Умнов сложил пальцы в кукиш:
— Видал?
— Зашибу! — взревел Королев.
Умнов странно качнулся и, опустив низко голову, вышел.
На другой день он пришел на работу раньше всех. Дядя Павел готовил ножи для фабрики «Парижская коммуна», а Саша взялся за ковку лошадей. Лицо у него было бледное, глаза злые.
— Дядя Павел, десять лошадей сегодня дашь мне подковать?
— Чего это тебе захотелось? — удивился инструктор.

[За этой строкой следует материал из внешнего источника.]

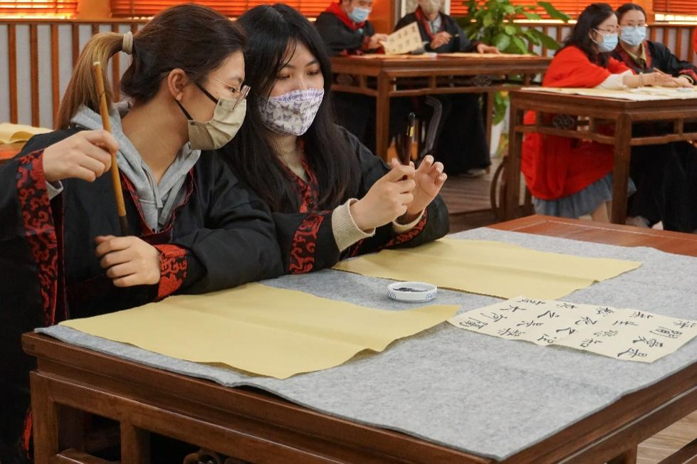 日语中的汉字起源于中国。活动现场,移动课堂主讲教师苏浩博士,向师生们展示并介绍了《四库全书》、《文章轨范评林》、《艺苑名言》等汉文古籍。员工们换上汉服,挥毫泼墨,体验书法之道及中华传统文化礼仪。

— Хочу десять. Двенадцать хочу.
— Мне-то что — действуй.
И стал искоса наблюдать за Умновым: «Куда это парень оглоблю загибает?»
Ковал Умнов в этот день так: возьмет все инструменты и работает, не отходя от копыт. Не разогнется, покуда не подкует все четыре ноги.
К приходу товарищей в кузницу он успел уже подковать трех лошадей.
— Ну, герой, здорово! — крикнул Королев.
— Мое тебе! — грубо и нехотя ответил Умнов.
Королев засмеялся и передразнил:
— «Мое те-бе». А вчера-то…
— Чего тебе от меня надо? — Умнов держал в руках старую подкову.
Королев вырвал подкову.
— Петухи! Чтоб этого больше не было, — крикнул дядя Павел. — И не стыдно тебе, Королев? Верзила! Умнов, лошадь привели.
— Я подкую, — заторопился Королев. — Где мой ручник? Дай-ка сюда, — и он протянул к Умнову руку.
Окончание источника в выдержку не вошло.